I recently sat down with Bryce Christensen, Golden Helix’ Director of Services, to chat about the article:

Jessica: Tell me, Bryce: what major take-away did you get from “A Genome-wide Comparison of the Functional Properties of Rare and Common Genetic Variants in Humans”?

Bryce: The authors did some really nice work to address the question of how much phenotypic variation should be attributed to genetic variants of different frequencies. They showed that within the genomic regions believed to be functionally significant, most of the genetic variants are very rare. I think that a lot of researchers instinctively believed this to be the case, but this is the most thorough investigation that I am aware of to corroborate this fact scientifically. A lot of people are talking about the common disease-rare variant theory, and this paper goes a long way toward confirming it as a valid hypothesis.

J: How do you see their findings applying to Golden Helix?

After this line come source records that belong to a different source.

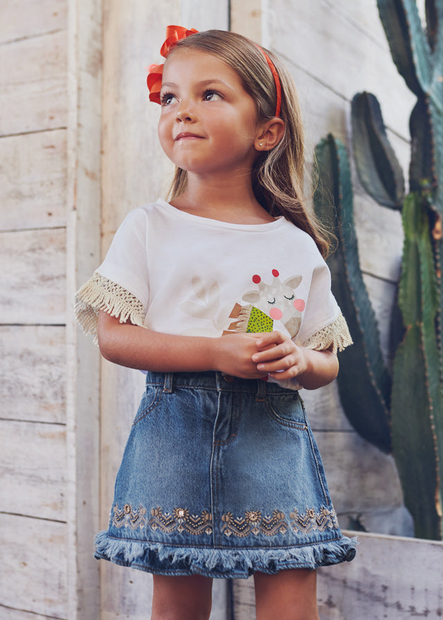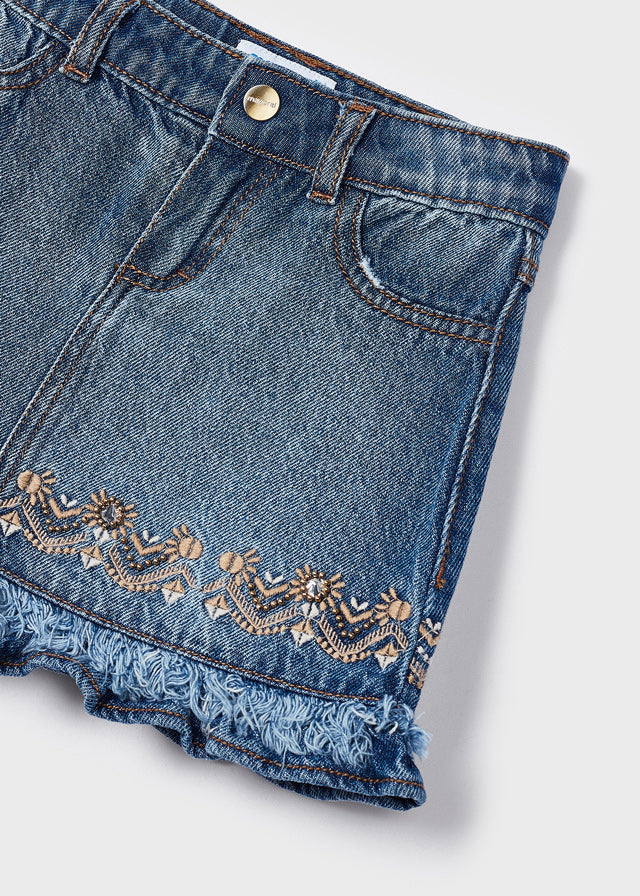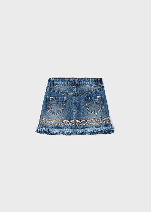 Falda Mezclilla Bordada Cintura Ajustable Niña Mayoral M3904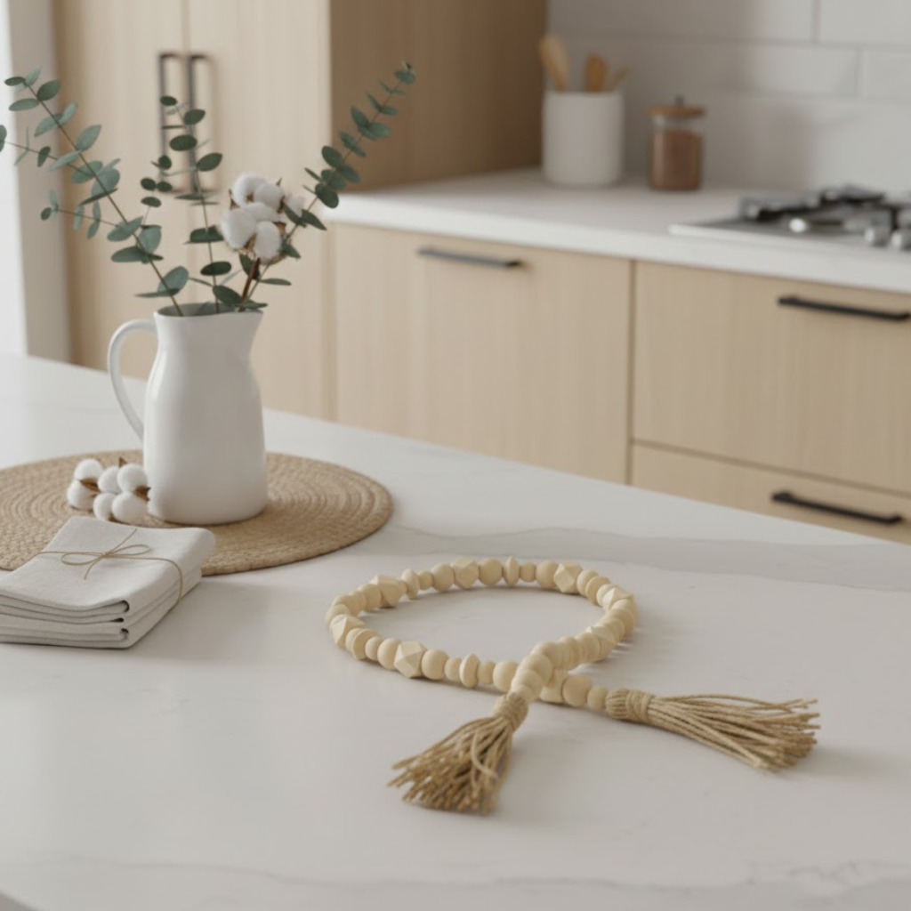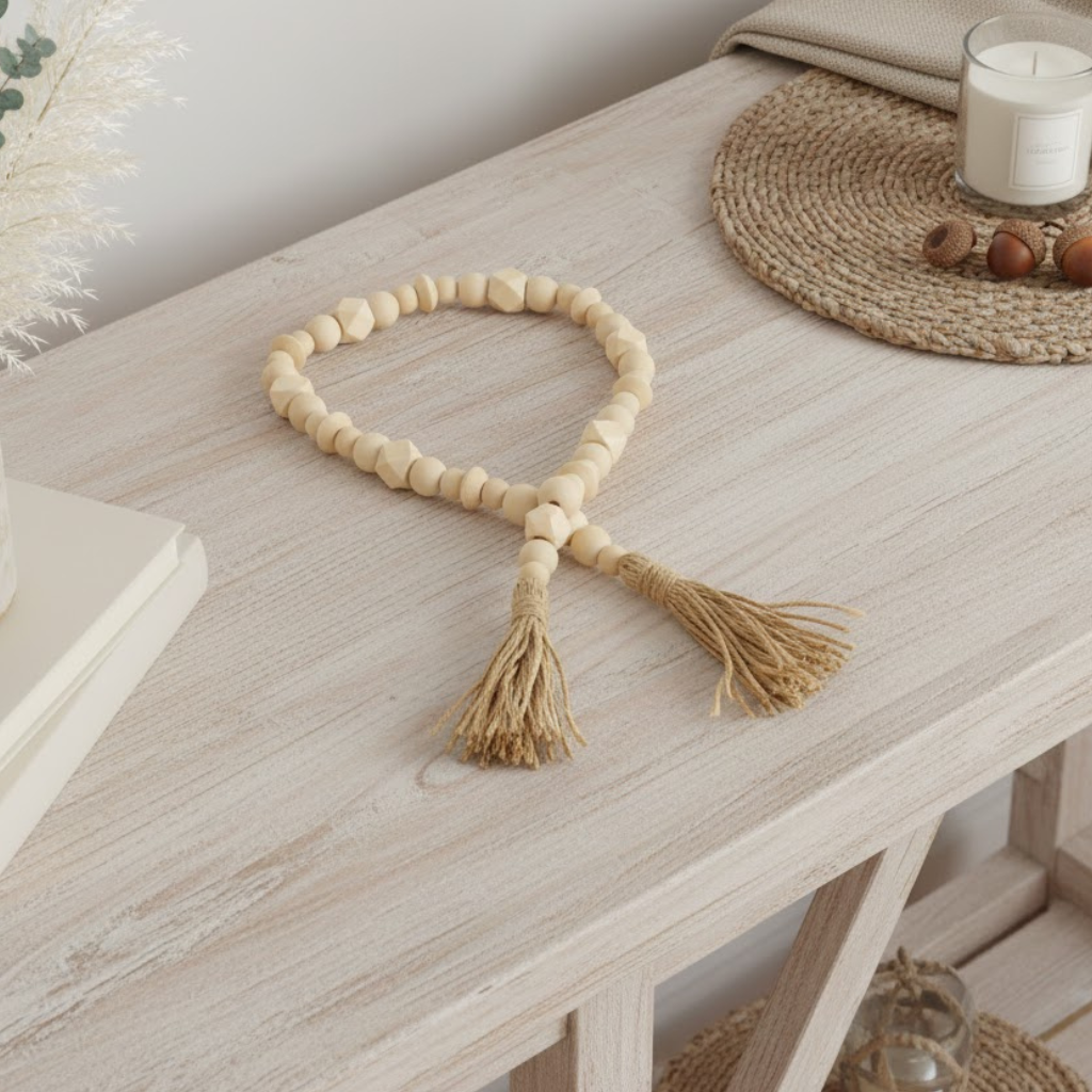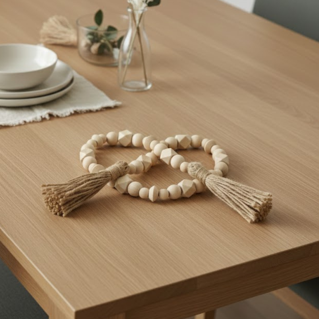Material natural de qualidade: Produzido com contas decorativas em madeira, garantindo durabilidade e beleza atemporal.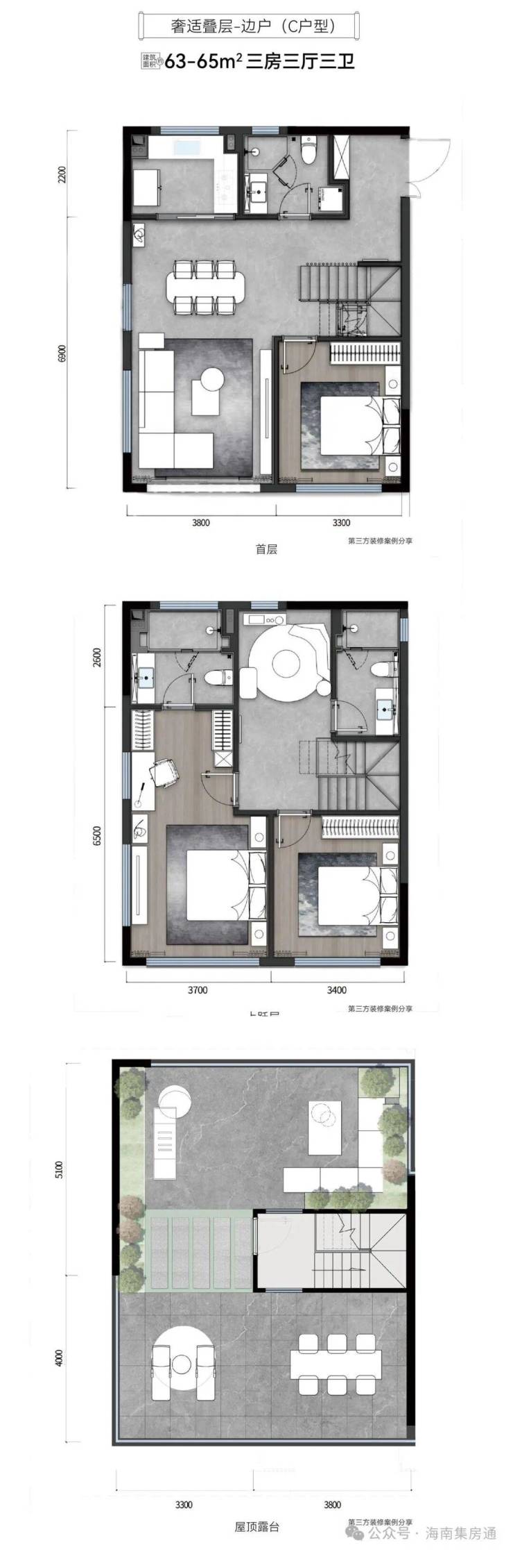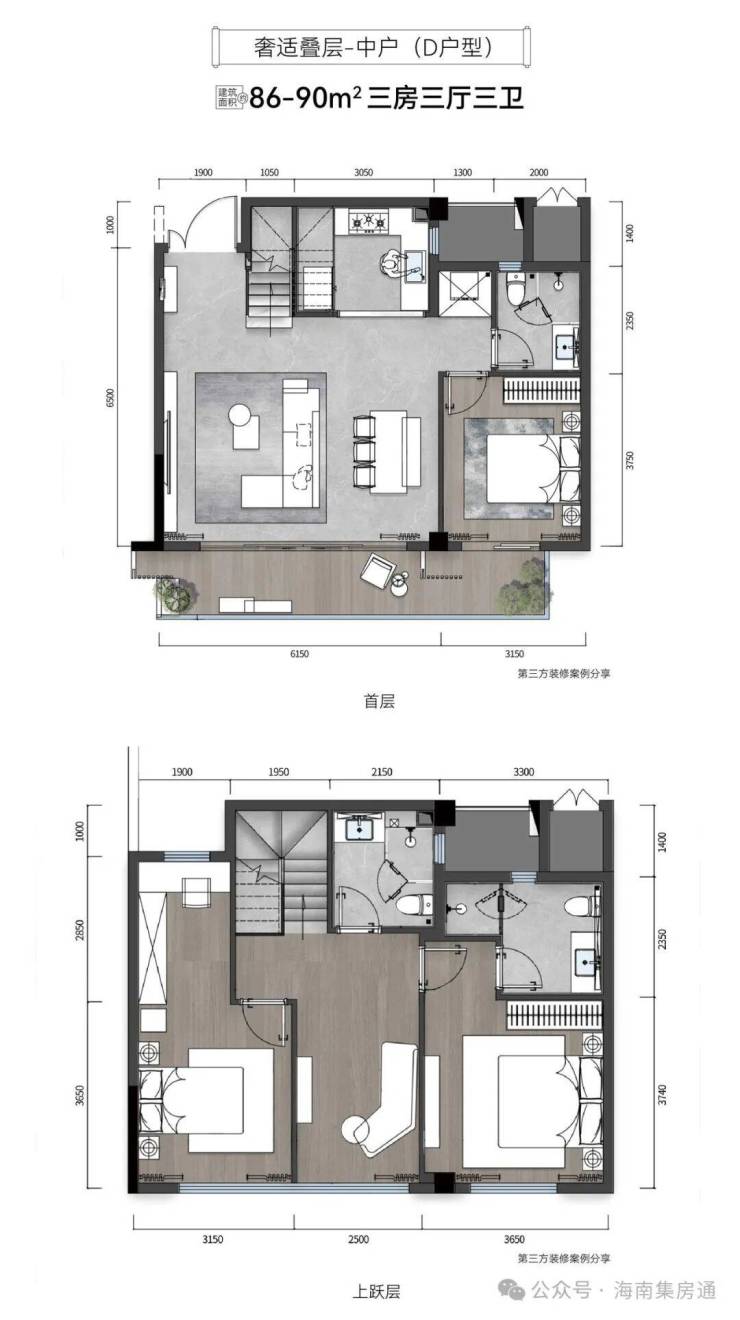 叠层:63-90㎡ 3+1房3卫总价:180-260万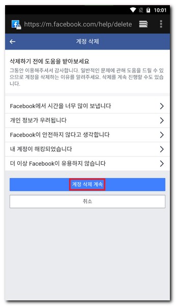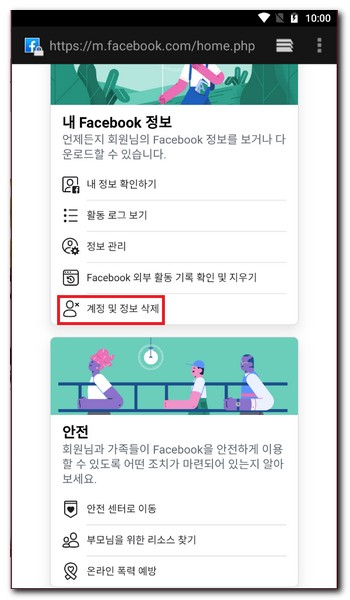 페이스북 탈퇴하는 방법(모바일)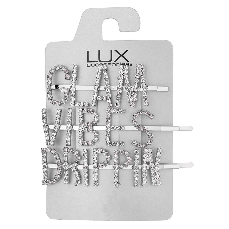 Lux Accessories GLAM VIBES DRIPPIN Word Rhinestones Silver Hair Pins Set of 3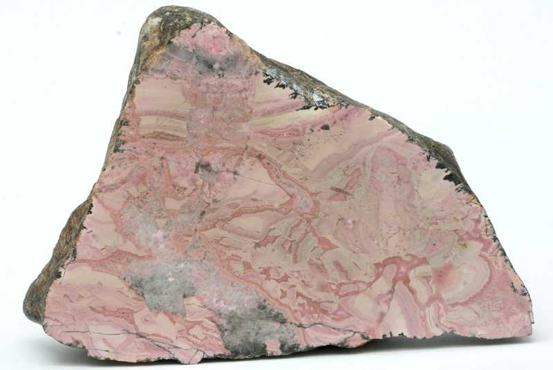 Poliertes Rhodochrosit aus Cavnic. Schöne Textur des Mangan-Karbonats.

B: This article shows that we are on the right track with the development of the Sequence Analysis Module. Most of what we have in SVS 7.4 (the first installment of the sequence module) is geared toward rare variant analysis. We have put a lot of work into rare variant analysis tools, like CMC and KBAC, that will be very valuable to those who are analyzing sequence data. The paper also gives us some direction regarding the types of annotation data that will be helpful to include in the product.

J: And our customers?

B: NGS gives our customers a new way to explore solutions to the problems that keep them up at night. With this paper, they can feel more comfortable pursuing sequence analysis or spending the money to do sequencing, knowing that there is good evidence to support the idea that rare sequence variants have a high probability of causing common diseases.

J: What tasks could be implemented in our software today based on Zhu and Ge’s findings?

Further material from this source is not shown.